Like many, I've breast and bottle fed my babies. I don't judge people for doing either or question their motives. There are pluses and drawbacks to both methods. What I don't understand is why people are making formula TODAY, instead of using the pre-made alternatives designed by nutritionists and food chemists and made in hygienic facilities. I've seen recipes that include combinations of Goats Milk, rice milk, cod liver oil, Black Strap Molasses, Liquid Acidophilus, whey powder, yeast flakes, Flax Seed Oil, Liquid Vitamin C, liquid calcium & magnesium, gelatin and/or wheat germ. Before I made formula, I'd have my kid mainlining condensed milk. I think they are putting their child's health at risk, because of their anti-Nestle, anti-any-type-of-formula-anywhere-in-the-world dogmatic, political stance.

shrink on the couch said...

My baby sister was the nouveau generation of canned formula and pampers. Because? I remember fooling with the cloth diapers and yuck. No thanks. What a difference modern manufacturing can make.

niobe said...


I was bottle-fed (probably with evaporated milk, given the timeline), but my mother got sick of all the preparation involved and breastfed my not-quite-two-years-younger brother.

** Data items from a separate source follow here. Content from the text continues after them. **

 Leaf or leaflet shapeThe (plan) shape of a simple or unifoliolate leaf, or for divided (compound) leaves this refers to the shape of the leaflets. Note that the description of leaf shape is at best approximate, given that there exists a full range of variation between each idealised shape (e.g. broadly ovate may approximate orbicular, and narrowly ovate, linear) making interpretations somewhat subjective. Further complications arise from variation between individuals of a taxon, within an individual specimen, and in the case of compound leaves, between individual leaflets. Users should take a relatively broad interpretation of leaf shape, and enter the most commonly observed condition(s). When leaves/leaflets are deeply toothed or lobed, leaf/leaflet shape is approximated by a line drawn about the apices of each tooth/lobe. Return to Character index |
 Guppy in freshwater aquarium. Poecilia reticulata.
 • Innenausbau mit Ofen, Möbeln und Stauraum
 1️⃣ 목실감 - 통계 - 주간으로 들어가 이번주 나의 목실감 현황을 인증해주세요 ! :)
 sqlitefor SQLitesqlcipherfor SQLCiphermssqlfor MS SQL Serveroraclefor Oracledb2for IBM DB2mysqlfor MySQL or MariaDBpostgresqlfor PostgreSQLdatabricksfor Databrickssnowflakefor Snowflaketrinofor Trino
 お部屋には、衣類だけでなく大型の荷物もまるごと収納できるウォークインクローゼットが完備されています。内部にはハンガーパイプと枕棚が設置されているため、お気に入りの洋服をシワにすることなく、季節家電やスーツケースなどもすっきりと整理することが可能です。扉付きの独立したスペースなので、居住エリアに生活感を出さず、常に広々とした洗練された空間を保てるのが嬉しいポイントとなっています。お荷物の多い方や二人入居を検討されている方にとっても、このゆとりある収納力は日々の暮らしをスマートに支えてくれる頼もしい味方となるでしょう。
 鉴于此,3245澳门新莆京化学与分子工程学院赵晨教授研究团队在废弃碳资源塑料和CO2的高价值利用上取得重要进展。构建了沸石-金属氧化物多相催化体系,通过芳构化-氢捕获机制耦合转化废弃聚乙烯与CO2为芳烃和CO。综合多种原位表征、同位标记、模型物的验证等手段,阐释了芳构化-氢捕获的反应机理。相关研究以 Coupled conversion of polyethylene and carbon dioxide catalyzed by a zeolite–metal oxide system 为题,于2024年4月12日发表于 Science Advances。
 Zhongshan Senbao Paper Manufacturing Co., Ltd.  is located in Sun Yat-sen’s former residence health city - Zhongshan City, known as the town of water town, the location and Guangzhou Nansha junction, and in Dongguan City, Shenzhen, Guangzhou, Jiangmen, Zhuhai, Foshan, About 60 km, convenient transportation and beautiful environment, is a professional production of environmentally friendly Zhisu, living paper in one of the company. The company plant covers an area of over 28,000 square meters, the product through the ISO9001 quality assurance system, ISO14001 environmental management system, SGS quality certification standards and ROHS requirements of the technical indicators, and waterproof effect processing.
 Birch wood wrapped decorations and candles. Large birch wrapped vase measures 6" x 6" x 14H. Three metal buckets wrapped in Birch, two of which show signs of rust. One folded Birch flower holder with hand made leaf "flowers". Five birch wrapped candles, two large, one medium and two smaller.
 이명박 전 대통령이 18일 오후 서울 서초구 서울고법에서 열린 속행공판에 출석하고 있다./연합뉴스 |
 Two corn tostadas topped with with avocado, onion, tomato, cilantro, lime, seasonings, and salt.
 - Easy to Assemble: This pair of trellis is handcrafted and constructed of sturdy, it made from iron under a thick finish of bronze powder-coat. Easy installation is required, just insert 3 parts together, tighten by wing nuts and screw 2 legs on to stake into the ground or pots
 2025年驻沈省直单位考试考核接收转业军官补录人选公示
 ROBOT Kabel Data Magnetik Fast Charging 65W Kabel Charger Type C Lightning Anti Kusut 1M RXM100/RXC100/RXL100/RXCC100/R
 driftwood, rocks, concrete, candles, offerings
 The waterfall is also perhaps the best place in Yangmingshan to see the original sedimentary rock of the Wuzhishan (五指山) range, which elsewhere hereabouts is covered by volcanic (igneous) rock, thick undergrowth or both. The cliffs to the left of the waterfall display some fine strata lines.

Frogs in my formula said...

This fascinates me too. My grandmother adopted my aunt and didn't have access to formula (like you noted, it wasn't available yet), so she lived on homemade formula and corn syrup. My grandmother said it was a Godsend when my aunt was finally able to eat table food. And now, the doctors say wait until the kids are 6 mos before introducing solids. It's amazing how we went from making decisions based on necessity to this "I have to check with the Dr. first" mentality.